Transcribe, word for word, all of the entries below, and exclude any pictures from the copy.

Segment Start: MATERIAL FOR THIS EXERCISE

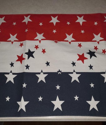 [This review was collected as part of a promotion.] I received the Star Spangled Runner. The size is 16" x 72". The colors are red, white and blue. The red is very vibrant but the blue is more of a dark denim color. The back is just plain white. The 100% cotton material feels nice and strong. And is sewen together well. There are stars sporadically all over the top. Some of the stars next to the white middle part however are part white and part colored. This is so the star that is on the edge is not cut off. It still looks good. Its slides a bit on my table but if i put something on top it stays better in place. Overall a good table runner.
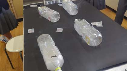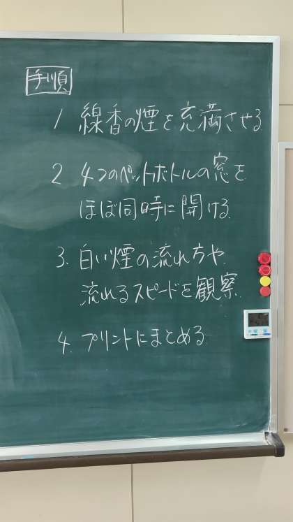 本日、家庭科授業として調理室にて換気実験を行いました。
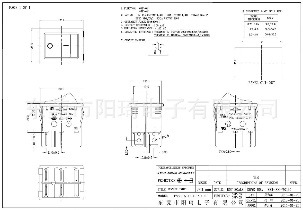 Suministro Ps8C-5 Interruptor Tipo Barco Cuatro Patas Dos Posiciones Interruptor Basculante 16A Alta Corriente Io Interruptor de Alimentación
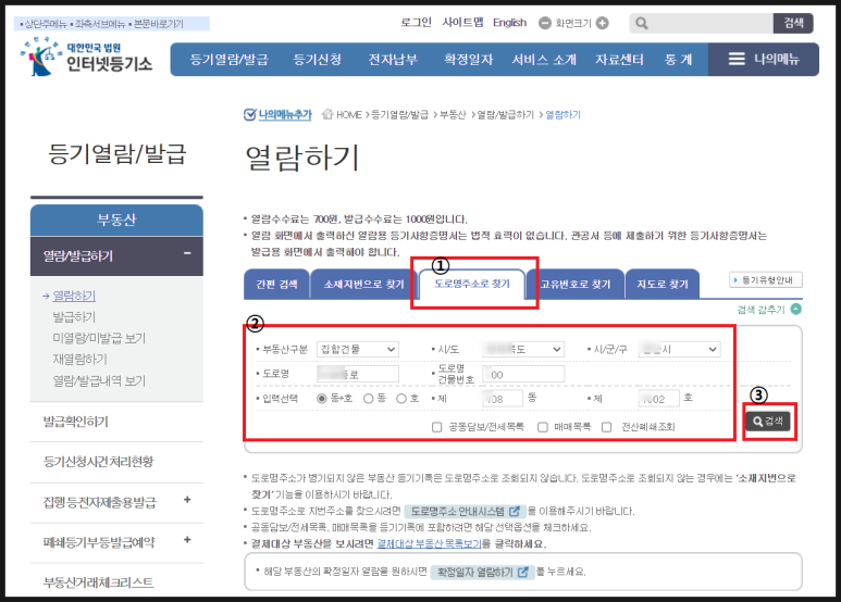 다음 찾고자 하는 부동산의 위치인 시/도, 시/군/구, 도로명 등을 입력해 줍니다.
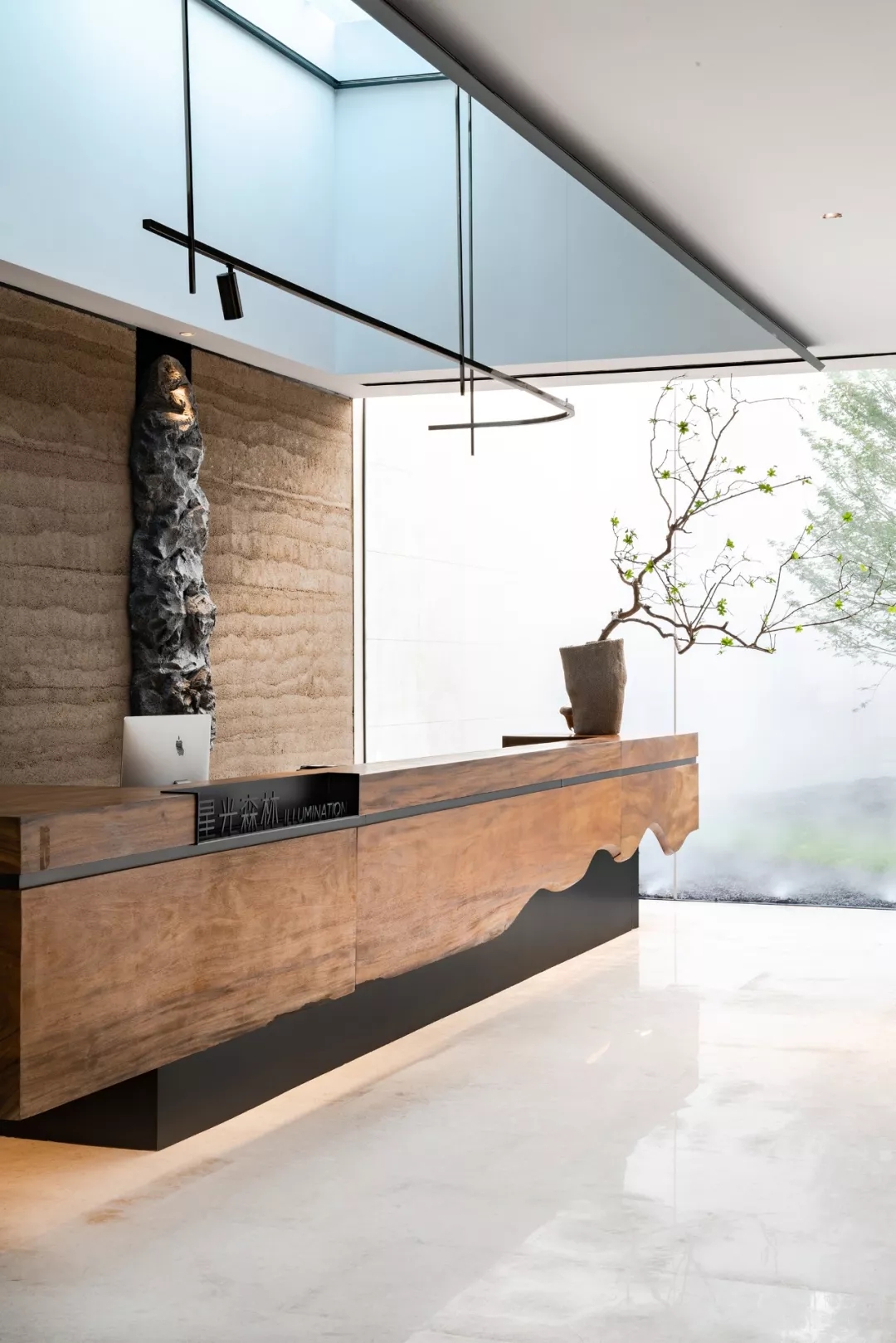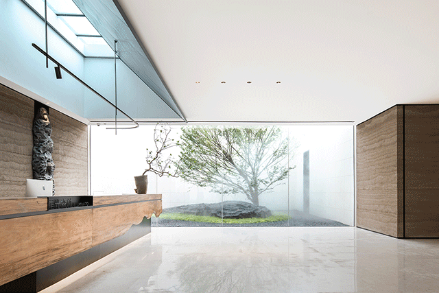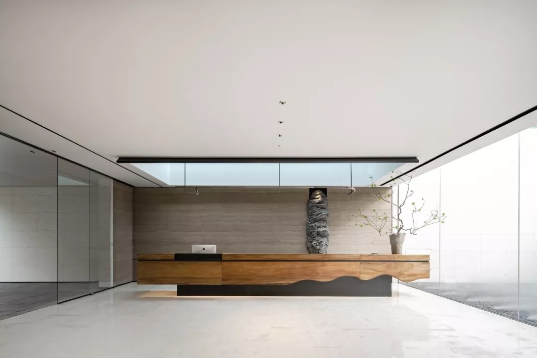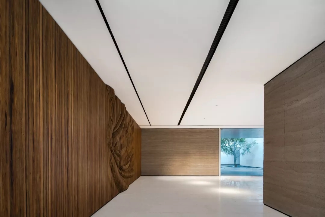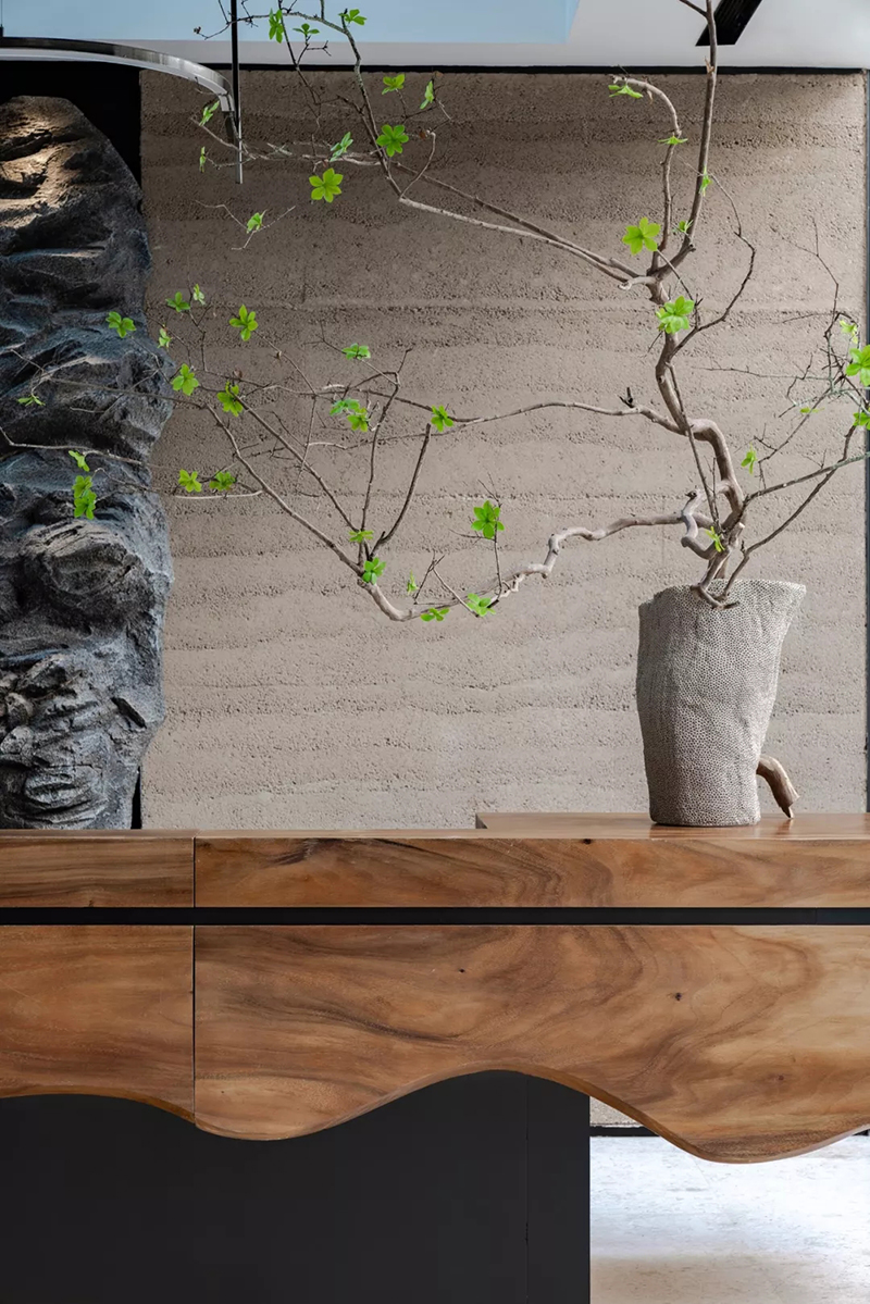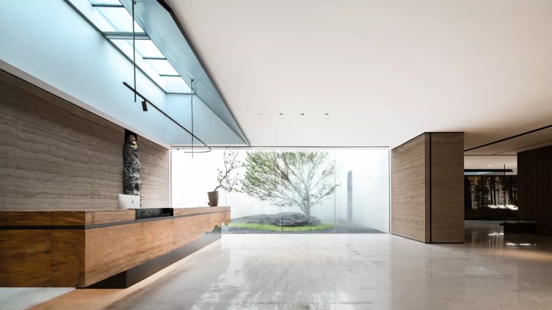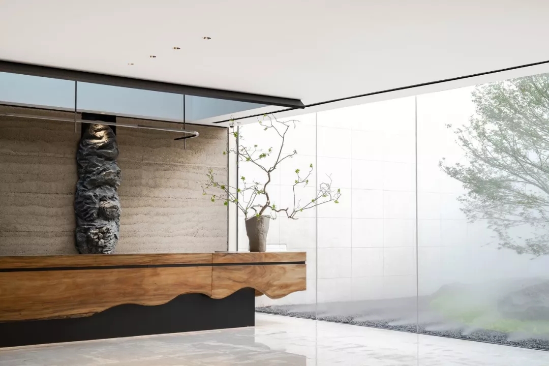 步入接待区,映入眼帘的是庭院清素的绿叶枝枒,氤氲的水汽弥漫其间,古朴粗粝的老木头质感、坚实的泰斯特灰泥夯土墙、有温度且细腻的灯光营造,分别将木、土、光元素以现代手法转化,构筑空间的内里,凸显自然人文的原生野趣与诗意。

Segment End: MATERIAL FOR THIS EXERCISE

* RESULT OF THE TASK *
 [This review was collected as part of a promotion.] I received the Star Spangled Runner. The size is 16" x 72". The colors are red, white and blue. The red is very vibrant but the blue is more of a dark denim color. The back is just plain white. The 100% cotton material feels nice and strong. And is sewen together well. There are stars sporadically all over the top. Some of the stars next to the white middle part however are part white and part colored. This is so the star that is on the edge is not cut off. It still looks good. Its slides a bit on my table but if i put something on top it stays better in place. Overall a good table runner.
 本日、家庭科授業として調理室にて換気実験を行いました。
 Suministro Ps8C-5 Interruptor Tipo Barco Cuatro Patas Dos Posiciones Interruptor Basculante 16A Alta Corriente Io Interruptor de Alimentación
 다음 찾고자 하는 부동산의 위치인 시/도, 시/군/구, 도로명 등을 입력해 줍니다.
 步入接待区,映入眼帘的是庭院清素的绿叶枝枒,氤氲的水汽弥漫其间,古朴粗粝的老木头质感、坚实的泰斯特灰泥夯土墙、有温度且细腻的灯光营造,分别将木、土、光元素以现代手法转化,构筑空间的内里,凸显自然人文的原生野趣与诗意。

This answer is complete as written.